Moving onto your detailed vehicle constructions, by and large your work here is very well done, and there's visible improvement throughout the set, as you get into the groove of working with these tools. In particular, this car came out very well, although it is a little unfortunate that you didn't apply the concepts relating to curves (in the sense of breaking them down into chains of flat edges), especially considering that I called this out to you in your Lesson 6 feedback. This does suggest that there is room for improvement in how you're leveraging the feedback you're receiving (in terms of reviewing it to ensure you continue to apply it going forward), so do be sure to keep that in mind - especially as you move onto other courses, where if feedback is offered, it's generally much more expensive than ours, and you won't want to end up missing out on that value.

One of these points in which you visibly improved is in taking more care in applying the subdivisions, mirroring, and so forth to build out the initial unit grids to define the overall proportions of your vehicles. Looking at this bus, it very quickly jumped out to me that while the front portion of the longer side looked correct, it almost seemed to bend suddenly outwards, so that more of that long side would be visible to the viewer. Digging in more deeply, I did find a number of areas where your application of the subdivisions and so forth was not quite as meticulous as it could have been, as shown here. While those little areas where our diagonals don't quite cross the center at the right point, or where we might accidentally extend a diagonal too far up or down beyond the upper/lower bounds, definitely will accumulate and contribute to the proportions being more and more off, what I think really threw things off was switching from mirroring your unit (as determined by the ellipse at the front) back one at a time, to doing so in groupings of 4, then subdividing some of those. Continuing to go one by one, probably would have been better, and the length of the bus would have been closer to this, pushing more of the bus's actual length into the unseen dimension of depth, which would also better match the difference in degree of the two ellipses used to identify the size of one unit (where one was 30 degrees, and the other was 60).

One last minor point - in this course, due to our limitations in working with ink, and therefore strictly black and white, we generally want to avoid using filled areas of solid black for anything other than cast shadows. Admittedly the demos being older don't always adhere to this (as the overhaul progresses that's something we'll be working to correct and standardize), but basically the reason is that it adds an additional moment where the viewer has to consider whether the filled black shape they're looking at is a cast shadow, or whether it is meant to represent something else (like a void space, or form shading, etc). If every use of a particular visual element always conveys the same kind of spatial information, then the viewer is able to understand what they're looking at that much quicker. A delay of a few milliseconds seems inconsequential to us, but when it comes to things we do on a subconscious level, they can really matter.

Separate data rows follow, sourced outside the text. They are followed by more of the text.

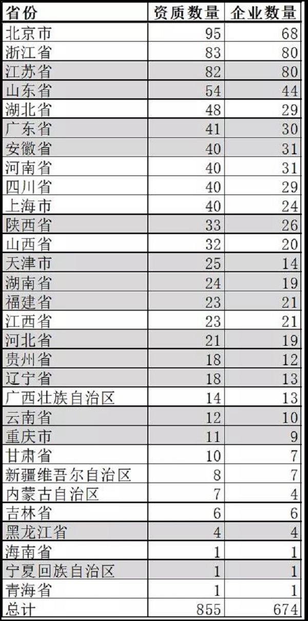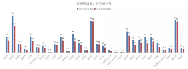 从特级资质的地域分布上来看,北京、浙江和江苏依然是前三名,228家企业共拥有260个特级资质。其中,北京特级资质数量最多,达95个;浙江和江苏特级资质企业数量最多,皆为80个。
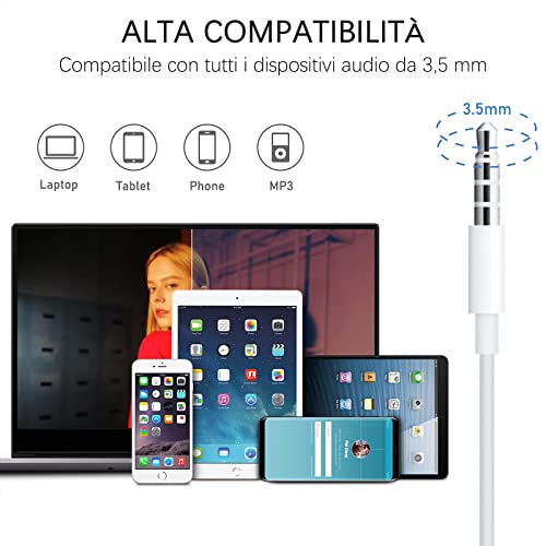 Elevata Compatibilità:Questa cuffie con il filo compatibile con tutti gli smartphone e dispositivi dotati di ingresso audio da 3,5mm
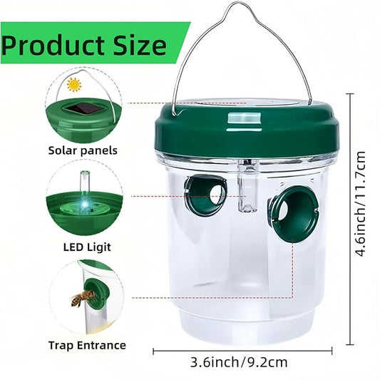 3 Pack Wasp Traps Outdoor Hanging, Solar Bee Trap for Outside with LED Light, Wasp Repellent, Bee Killer, Hornet Deterrent, Yellow Jacket Catcher, Reusable for Garden, Orchard, Indoor
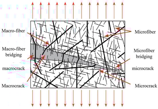 According to previous experience, steel fibers can be divided into micro steel fibers (/ ≤ 13/0.2) and macro steel fibers (/ > 13/0.2). Based on their length, they can also be divided into short steel fibers (6 mm < < 13 mm), medium–long steel fibers (13 mm ≤ ≤ 20 mm), long steel fibers (20 mm < < 30 mm), and ultra-long steel fibers (30 mm ≤ ). It is generally believed that a reasonable hybrid of two or more kinds of steel fibers can be added to a UHPC, which can not only play up the advantages of the different fibers, but also reflects their synergistic effect, which can significantly improve some properties of the UHPC, and reduce costs. Figure 3 shows the synergy between macro and micro steel fibers.
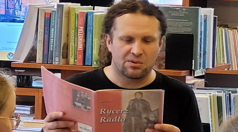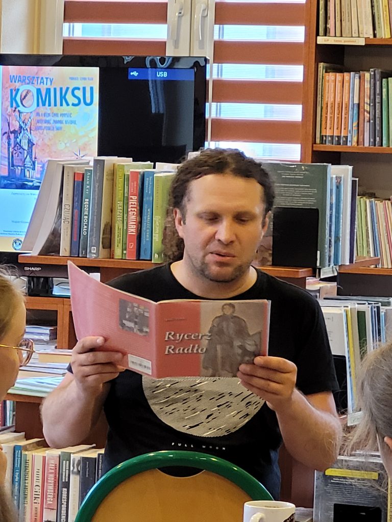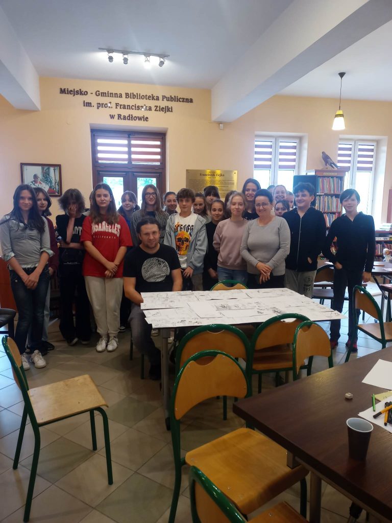 Uczniowie ze Szkoły Podstawowej w Radłowie mieli okazję 7 czerwca zapoznać się ze sztuką tworzenia komiksu na warsztatach prowadzonych pod okiem znanego rysownika, malarza, karykaturzysty- Szymona Teluka, który przyjechał aż z Zielonej Góry. Pan Szymon specjalizuje się w komiksie, ilustracji i karykaturze, współtworzy projekty teatralne, filmowe, reklamowe oraz projektuje gry komputerowe. Wśród zróżnicowanej działalności, którą się zajmuje ważne miejsce stanowi praca dydaktyczna z dziećmi i młodzieżą prowadzona właśnie w formie warsztatów. Uczestnicy radłowskich zajęć zapoznali się pokrótce z historią komiksu, dowiedzieli się jak rysować „dymki” w zależności od rodzaju wypowiedzi bohatera lub jego emocji, jak tworzyć postaci komiksowe i gdzie je wrysowywać oraz jak ważną rolę w komiksie odgrywa ramka poszczególnego obrazka. Na koniec uczniowie wysłuchali tekstu „Rycerz Radło, czyli historia herbu miasta Radłowa”, na podstawie którego sami stworzyli krótkie- 3 lub 4 obrazkowe historyjki komiksowe o rycerzu Radło.

And so, I would avoid using it for filling in wheel wells or the space in between a tank's wheels, as well as using it to separate faces that are oriented in different directions (as we can see in the akira bike). One exception is with the internals of the car (specifically as shown here where the internal structures are still visible and windows are cut out). We generally get away with this because ostensibly the external structure of the car is casting shadows into the interior - not technically accurate since light would still come in through the windows, but it's enough for our purposes. Filling in the window's surfaces themselves however, as we see here should still be avoided.

Of course, all of that applies not as global and generalized rules, but specific to the limitations we work under in this course.

Anyway! All in all, very nice work. I'll go ahead and mark this lesson, and the course as a whole, as complete. Congratulations!

This critique marks this lesson as complete.
8:12 AM, Friday March 21st 2025

Thank you very much for the considerate review. I'll be more careful to implement all of this!